I would echo the comment about not doing AI, especially if they are in a timeshare and can do easy breakfasts and lunches themselves.  Don't know how much the AI fee is, but it seems like you could do better on your own, and there are so many great restaurants on SXM


----------



## Jbart74 (Jan 7, 2009)

stmartinfan,

I'm glad to hear your report!  If the Bay units have been renovated, I'd definitely consider exchanging into Divi again.  We had a great time (our first) on the island and really did enjoy Divi.  I can't wait to get back for more excellent diving, jewelry, casinos, dining and relaxing. 

Are there other resorts in SXM that you could recommend for RCI exchanges that would provide no chance of a crappy unit?  We always rent a car so either side of the island is fine. We did like diving from the Dutch side, but eating on the French side was sublime! 

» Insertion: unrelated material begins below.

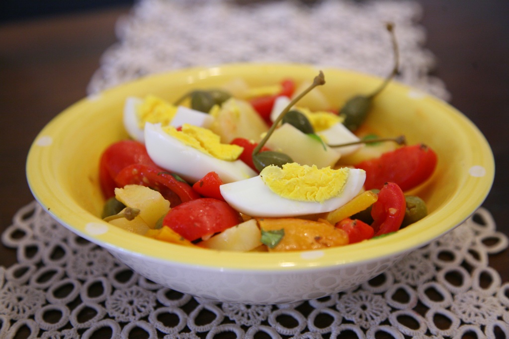 Oggi ho preparato una insalata di patate un po’ corposa che è diventata un piatto unico freddo.

Maybe I'll book an extra trip for the spring this year....   :whoopie: 

Thanks


----------



## rsnash (Jan 7, 2009)

That's why I like Oyster Bay. It's right on the border of the French/Dutch halves. So easy access to Philipsburg activities and French food.

Have any of you been to _Poulet D'Orleans_? I highly recommend it, although I was last there about 5 years ago.


----------



## gorevs9 (Jan 7, 2009)

Jbart74 said:


> If the Bay units have been renovated, I'd definitely consider exchanging into Divi again.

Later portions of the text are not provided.